* [What needs to be done] Give back the full data, retyped precisely.

*** Exercise inputs ***

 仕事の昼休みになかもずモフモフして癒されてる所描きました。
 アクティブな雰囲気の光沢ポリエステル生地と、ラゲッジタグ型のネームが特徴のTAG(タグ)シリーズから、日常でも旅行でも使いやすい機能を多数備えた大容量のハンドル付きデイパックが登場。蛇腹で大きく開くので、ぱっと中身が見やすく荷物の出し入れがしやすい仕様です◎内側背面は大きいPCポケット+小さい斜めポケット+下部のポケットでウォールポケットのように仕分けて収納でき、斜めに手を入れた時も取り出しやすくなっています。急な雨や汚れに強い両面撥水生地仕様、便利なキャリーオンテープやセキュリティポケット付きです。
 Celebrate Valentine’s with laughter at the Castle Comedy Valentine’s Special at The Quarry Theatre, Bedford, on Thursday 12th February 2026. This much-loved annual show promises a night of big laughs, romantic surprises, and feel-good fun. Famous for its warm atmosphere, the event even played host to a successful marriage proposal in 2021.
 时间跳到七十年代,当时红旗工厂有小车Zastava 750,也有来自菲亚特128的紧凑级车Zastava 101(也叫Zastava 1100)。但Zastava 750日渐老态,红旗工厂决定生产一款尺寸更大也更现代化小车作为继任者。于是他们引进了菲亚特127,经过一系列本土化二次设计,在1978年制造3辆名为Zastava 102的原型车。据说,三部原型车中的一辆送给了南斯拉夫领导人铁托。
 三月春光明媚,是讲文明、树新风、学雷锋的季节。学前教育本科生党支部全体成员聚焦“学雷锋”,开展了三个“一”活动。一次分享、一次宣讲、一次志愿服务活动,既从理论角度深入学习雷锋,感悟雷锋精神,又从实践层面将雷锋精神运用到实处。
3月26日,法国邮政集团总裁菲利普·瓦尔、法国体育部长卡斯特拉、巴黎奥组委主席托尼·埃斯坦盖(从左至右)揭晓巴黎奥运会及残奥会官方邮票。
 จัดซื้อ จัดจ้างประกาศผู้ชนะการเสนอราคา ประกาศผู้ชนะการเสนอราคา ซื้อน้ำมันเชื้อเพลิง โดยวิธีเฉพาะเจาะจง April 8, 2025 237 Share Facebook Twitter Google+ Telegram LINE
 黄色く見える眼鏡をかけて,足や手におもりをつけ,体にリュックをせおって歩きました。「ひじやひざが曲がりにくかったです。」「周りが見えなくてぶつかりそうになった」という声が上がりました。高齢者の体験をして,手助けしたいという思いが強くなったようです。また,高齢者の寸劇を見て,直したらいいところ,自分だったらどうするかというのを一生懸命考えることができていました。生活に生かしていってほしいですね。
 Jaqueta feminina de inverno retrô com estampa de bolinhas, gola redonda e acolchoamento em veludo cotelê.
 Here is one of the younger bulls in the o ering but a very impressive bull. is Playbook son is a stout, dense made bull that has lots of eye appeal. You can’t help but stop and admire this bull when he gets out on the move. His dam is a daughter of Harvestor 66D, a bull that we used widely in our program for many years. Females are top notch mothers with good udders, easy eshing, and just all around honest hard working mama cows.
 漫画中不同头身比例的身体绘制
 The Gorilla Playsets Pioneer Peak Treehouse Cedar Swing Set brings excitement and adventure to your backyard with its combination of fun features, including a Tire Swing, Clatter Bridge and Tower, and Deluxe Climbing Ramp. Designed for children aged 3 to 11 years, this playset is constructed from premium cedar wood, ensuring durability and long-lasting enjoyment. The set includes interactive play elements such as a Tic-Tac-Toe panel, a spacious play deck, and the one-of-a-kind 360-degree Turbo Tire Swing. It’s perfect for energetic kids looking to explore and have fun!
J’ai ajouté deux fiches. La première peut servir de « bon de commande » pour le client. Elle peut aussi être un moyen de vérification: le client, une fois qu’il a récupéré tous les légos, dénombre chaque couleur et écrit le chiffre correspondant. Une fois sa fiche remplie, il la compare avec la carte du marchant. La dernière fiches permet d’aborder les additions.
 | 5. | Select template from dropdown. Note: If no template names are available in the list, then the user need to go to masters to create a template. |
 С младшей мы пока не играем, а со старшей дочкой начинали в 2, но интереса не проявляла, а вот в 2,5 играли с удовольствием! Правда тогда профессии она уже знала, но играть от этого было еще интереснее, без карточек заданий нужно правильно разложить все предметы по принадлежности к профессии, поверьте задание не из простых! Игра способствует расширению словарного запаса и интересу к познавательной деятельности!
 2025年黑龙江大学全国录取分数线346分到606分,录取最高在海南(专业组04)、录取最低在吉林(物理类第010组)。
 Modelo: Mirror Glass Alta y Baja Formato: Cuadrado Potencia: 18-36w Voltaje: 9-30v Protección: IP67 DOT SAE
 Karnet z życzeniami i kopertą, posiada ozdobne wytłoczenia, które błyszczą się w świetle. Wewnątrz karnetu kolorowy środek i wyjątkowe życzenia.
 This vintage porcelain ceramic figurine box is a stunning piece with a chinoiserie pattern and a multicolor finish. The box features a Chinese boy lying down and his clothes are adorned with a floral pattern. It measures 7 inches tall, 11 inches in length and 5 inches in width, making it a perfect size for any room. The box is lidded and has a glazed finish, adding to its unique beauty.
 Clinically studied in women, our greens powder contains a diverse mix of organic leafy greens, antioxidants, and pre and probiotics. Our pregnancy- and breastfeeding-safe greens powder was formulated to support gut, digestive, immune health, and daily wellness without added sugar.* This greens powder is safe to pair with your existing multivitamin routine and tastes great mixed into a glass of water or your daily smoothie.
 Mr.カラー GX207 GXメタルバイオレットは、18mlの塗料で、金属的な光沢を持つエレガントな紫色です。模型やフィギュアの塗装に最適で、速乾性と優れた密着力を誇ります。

*** End of Exercise inputs ***

* [Your solution]
 仕事の昼休みになかもずモフモフして癒されてる所描きました。
 アクティブな雰囲気の光沢ポリエステル生地と、ラゲッジタグ型のネームが特徴のTAG(タグ)シリーズから、日常でも旅行でも使いやすい機能を多数備えた大容量のハンドル付きデイパックが登場。蛇腹で大きく開くので、ぱっと中身が見やすく荷物の出し入れがしやすい仕様です◎内側背面は大きいPCポケット+小さい斜めポケット+下部のポケットでウォールポケットのように仕分けて収納でき、斜めに手を入れた時も取り出しやすくなっています。急な雨や汚れに強い両面撥水生地仕様、便利なキャリーオンテープやセキュリティポケット付きです。
 Celebrate Valentine’s with laughter at the Castle Comedy Valentine’s Special at The Quarry Theatre, Bedford, on Thursday 12th February 2026. This much-loved annual show promises a night of big laughs, romantic surprises, and feel-good fun. Famous for its warm atmosphere, the event even played host to a successful marriage proposal in 2021.
 时间跳到七十年代,当时红旗工厂有小车Zastava 750,也有来自菲亚特128的紧凑级车Zastava 101(也叫Zastava 1100)。但Zastava 750日渐老态,红旗工厂决定生产一款尺寸更大也更现代化小车作为继任者。于是他们引进了菲亚特127,经过一系列本土化二次设计,在1978年制造3辆名为Zastava 102的原型车。据说,三部原型车中的一辆送给了南斯拉夫领导人铁托。
 三月春光明媚,是讲文明、树新风、学雷锋的季节。学前教育本科生党支部全体成员聚焦“学雷锋”,开展了三个“一”活动。一次分享、一次宣讲、一次志愿服务活动,既从理论角度深入学习雷锋,感悟雷锋精神,又从实践层面将雷锋精神运用到实处。
3月26日,法国邮政集团总裁菲利普·瓦尔、法国体育部长卡斯特拉、巴黎奥组委主席托尼·埃斯坦盖(从左至右)揭晓巴黎奥运会及残奥会官方邮票。
 จัดซื้อ จัดจ้างประกาศผู้ชนะการเสนอราคา ประกาศผู้ชนะการเสนอราคา ซื้อน้ำมันเชื้อเพลิง โดยวิธีเฉพาะเจาะจง April 8, 2025 237 Share Facebook Twitter Google+ Telegram LINE
 黄色く見える眼鏡をかけて,足や手におもりをつけ,体にリュックをせおって歩きました。「ひじやひざが曲がりにくかったです。」「周りが見えなくてぶつかりそうになった」という声が上がりました。高齢者の体験をして,手助けしたいという思いが強くなったようです。また,高齢者の寸劇を見て,直したらいいところ,自分だったらどうするかというのを一生懸命考えることができていました。生活に生かしていってほしいですね。
 Jaqueta feminina de inverno retrô com estampa de bolinhas, gola redonda e acolchoamento em veludo cotelê.
 Here is one of the younger bulls in the o ering but a very impressive bull. is Playbook son is a stout, dense made bull that has lots of eye appeal. You can’t help but stop and admire this bull when he gets out on the move. His dam is a daughter of Harvestor 66D, a bull that we used widely in our program for many years. Females are top notch mothers with good udders, easy eshing, and just all around honest hard working mama cows.
 漫画中不同头身比例的身体绘制
 The Gorilla Playsets Pioneer Peak Treehouse Cedar Swing Set brings excitement and adventure to your backyard with its combination of fun features, including a Tire Swing, Clatter Bridge and Tower, and Deluxe Climbing Ramp. Designed for children aged 3 to 11 years, this playset is constructed from premium cedar wood, ensuring durability and long-lasting enjoyment. The set includes interactive play elements such as a Tic-Tac-Toe panel, a spacious play deck, and the one-of-a-kind 360-degree Turbo Tire Swing. It’s perfect for energetic kids looking to explore and have fun!
J’ai ajouté deux fiches. La première peut servir de « bon de commande » pour le client. Elle peut aussi être un moyen de vérification: le client, une fois qu’il a récupéré tous les légos, dénombre chaque couleur et écrit le chiffre correspondant. Une fois sa fiche remplie, il la compare avec la carte du marchant. La dernière fiches permet d’aborder les additions.
 | 5. | Select template from dropdown. Note: If no template names are available in the list, then the user need to go to masters to create a template. |
 С младшей мы пока не играем, а со старшей дочкой начинали в 2, но интереса не проявляла, а вот в 2,5 играли с удовольствием! Правда тогда профессии она уже знала, но играть от этого было еще интереснее, без карточек заданий нужно правильно разложить все предметы по принадлежности к профессии, поверьте задание не из простых! Игра способствует расширению словарного запаса и интересу к познавательной деятельности!
 2025年黑龙江大学全国录取分数线346分到606分,录取最高在海南(专业组04)、录取最低在吉林(物理类第010组)。
 Modelo: Mirror Glass Alta y Baja Formato: Cuadrado Potencia: 18-36w Voltaje: 9-30v Protección: IP67 DOT SAE
 Karnet z życzeniami i kopertą, posiada ozdobne wytłoczenia, które błyszczą się w świetle. Wewnątrz karnetu kolorowy środek i wyjątkowe życzenia.
 This vintage porcelain ceramic figurine box is a stunning piece with a chinoiserie pattern and a multicolor finish. The box features a Chinese boy lying down and his clothes are adorned with a floral pattern. It measures 7 inches tall, 11 inches in length and 5 inches in width, making it a perfect size for any room. The box is lidded and has a glazed finish, adding to its unique beauty.
 Clinically studied in women, our greens powder contains a diverse mix of organic leafy greens, antioxidants, and pre and probiotics. Our pregnancy- and breastfeeding-safe greens powder was formulated to support gut, digestive, immune health, and daily wellness without added sugar.* This greens powder is safe to pair with your existing multivitamin routine and tastes great mixed into a glass of water or your daily smoothie.
 Mr.カラー GX207 GXメタルバイオレットは、18mlの塗料で、金属的な光沢を持つエレガントな紫色です。模型やフィギュアの塗装に最適で、速乾性と優れた密着力を誇ります。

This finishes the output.